One of the advantages to working at a large organization is that they're very serious about the integrity of their "mission-critical" systems. By the time a code change makes it through the Development, Integration, Testing, Quality Assurance, and Staging environments, it's practically guaranteed to be bug-free. And if a defect does manage to sneak in to Production, no single person can be blamed: it's the fault of The Process for allowing the problem to occur.

A few years back, Josh joined a Certain Telecommunications Company that depended on a "mission critical" system for their day to day operations. He expected to work with a three-, or at a minimum, a two-stage production deployment process.  Instead, he found himself amidst the classic Zero-Stage Deployment Process.

After a developer would finish writing his code on his workstation computer, he would cede his cubicle to a tester for testing. Once the tester approved the changes, the developer would move the new code directly into production. Bugs would often ensue, requiring a rapid repeat of the cycle and a very small pool of people to blame for the mishap: the developer and/or the tester.

Shortly after Josh started, management gave in and agreed to build a Quality Assurance environment. They were very serious about the new QA environment and wanted to use it not only to test the code changes before production, but to usher in an "Aura of Quality."  And the best way to do this was to make sure that QA was rigorously clean.

The first step in the Clean QA Environment initiative was to build a new network. They didn't want any part of the existing (and potentially unclean) network interfering with QA's operations and allowed no sharing of any kind: no bridges, VPNs, or even a connection to the Internet. This meant that deployments had to be burned to a CD, carried over to the QA lab, and then installed on the network.
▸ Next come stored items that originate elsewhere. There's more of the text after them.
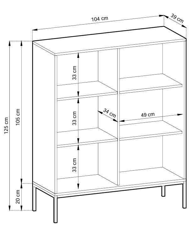 Komoda Nova K104 ponuja dovolj prostora za shranjevanje raznovrstnih predmetov – od dokumentov, tekstila do dekorativnih dodatkov. Zaradi premišljeno razporejenih polic in predalov lahko notranjost komode prilagodite svojim potrebam. Njen uravnotežen videz omogoča, da se lepo ujame z različnimi slogi notranje opreme – od minimalističnega do rustikalnega.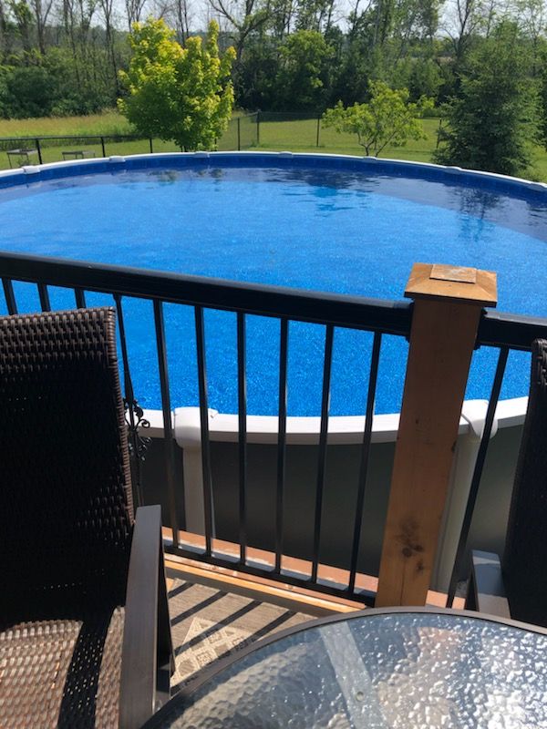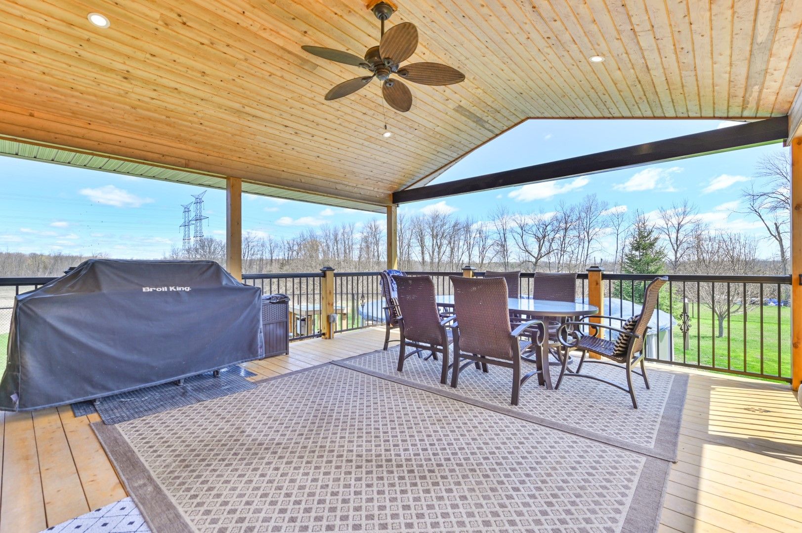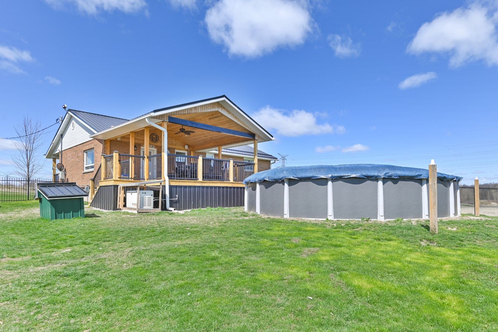 • Large covered deck overlooking an above-ground pool for relaxation.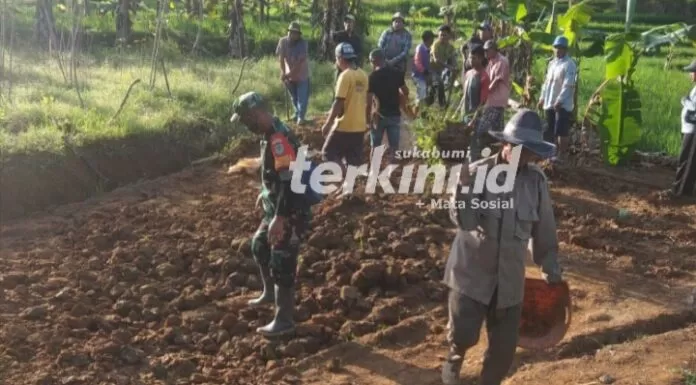 Terkini.id, Sukabumi - Pelebaran jalan akses yang menghubungkan dua kecamatan dari Desa Sirnamekar Kecamatan Tegalbuleud dan Kecamatan Kaliibunder yang selama ini harus turun ke sungai untuk terhubung ke kedua kecamatan tersebut.

They even went so far as to install a "white room" that required fingerprint and optical scans from two executives, a careful dodging of laser-beam alarms, and an acrobatic dance across a pressure-sensitive floor just to access the mainframe console. At least, I assume they did; no server room is truly complete without that.

Of course, through all this, the production environment remained untouched and accessible from anywhere. The global LDAP server that handles all authentication was set up so that everyone had all access: if one could check his email, he had shell access to any production box. This was only "temporary" at first but became "indefinite" as the years passed. As far as the new "Aura of Quality," I think a lot of people feel it with the new Zero-Point-Five-Stage Deployment Process that came out of all of this: developers push their code to production, make sure it works, and then go through the rigors of bringing it to QA.